# [EXERCISE DATA]
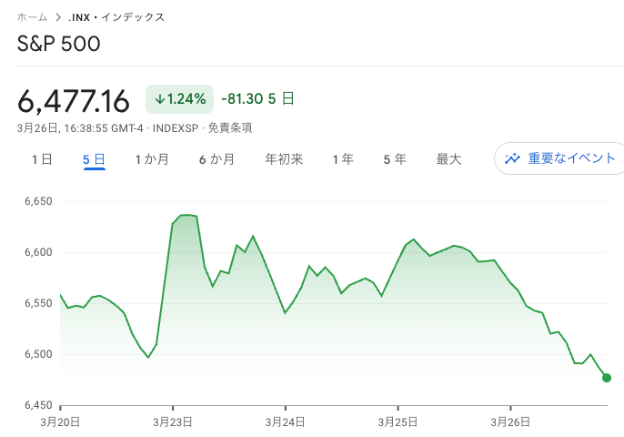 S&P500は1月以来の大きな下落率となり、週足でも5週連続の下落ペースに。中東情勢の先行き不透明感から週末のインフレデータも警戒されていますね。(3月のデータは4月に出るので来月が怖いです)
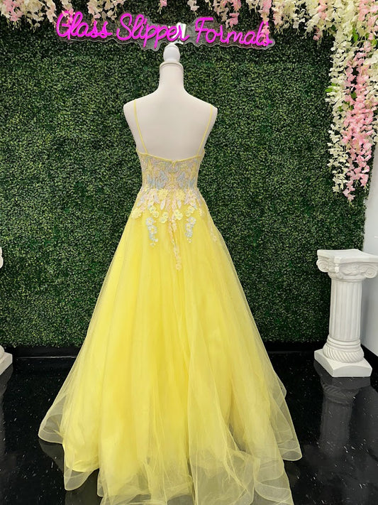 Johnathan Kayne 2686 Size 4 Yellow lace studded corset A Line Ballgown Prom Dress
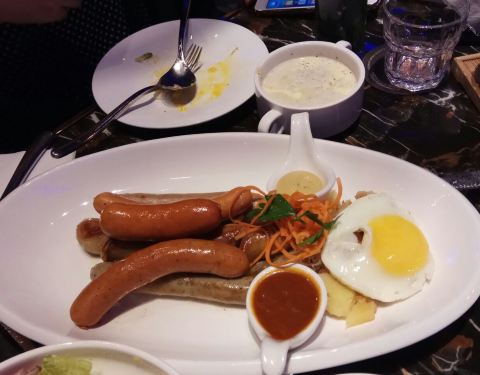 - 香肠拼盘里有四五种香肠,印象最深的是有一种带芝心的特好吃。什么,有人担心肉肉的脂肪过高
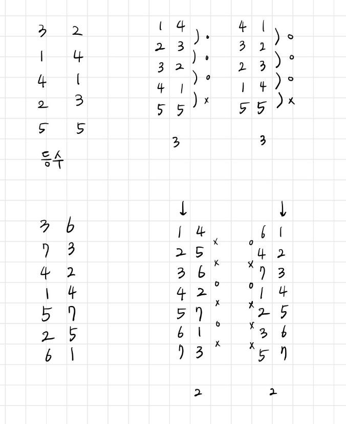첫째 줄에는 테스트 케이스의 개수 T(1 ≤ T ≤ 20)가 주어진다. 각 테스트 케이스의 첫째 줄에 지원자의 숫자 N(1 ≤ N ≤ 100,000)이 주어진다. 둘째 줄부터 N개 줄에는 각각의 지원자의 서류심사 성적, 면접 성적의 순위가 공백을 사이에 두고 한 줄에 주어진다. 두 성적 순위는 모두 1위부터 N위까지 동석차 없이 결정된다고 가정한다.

# [TASK TO COMPLETE]
Print the listing verbatim; no pictures.

# [YOUR RESPONSE]
 S&P500は1月以来の大きな下落率となり、週足でも5週連続の下落ペースに。中東情勢の先行き不透明感から週末のインフレデータも警戒されていますね。(3月のデータは4月に出るので来月が怖いです)
 Johnathan Kayne 2686 Size 4 Yellow lace studded corset A Line Ballgown Prom Dress
 - 香肠拼盘里有四五种香肠,印象最深的是有一种带芝心的特好吃。什么,有人担心肉肉的脂肪过高
첫째 줄에는 테스트 케이스의 개수 T(1 ≤ T ≤ 20)가 주어진다. 각 테스트 케이스의 첫째 줄에 지원자의 숫자 N(1 ≤ N ≤ 100,000)이 주어진다. 둘째 줄부터 N개 줄에는 각각의 지원자의 서류심사 성적, 면접 성적의 순위가 공백을 사이에 두고 한 줄에 주어진다. 두 성적 순위는 모두 1위부터 N위까지 동석차 없이 결정된다고 가정한다.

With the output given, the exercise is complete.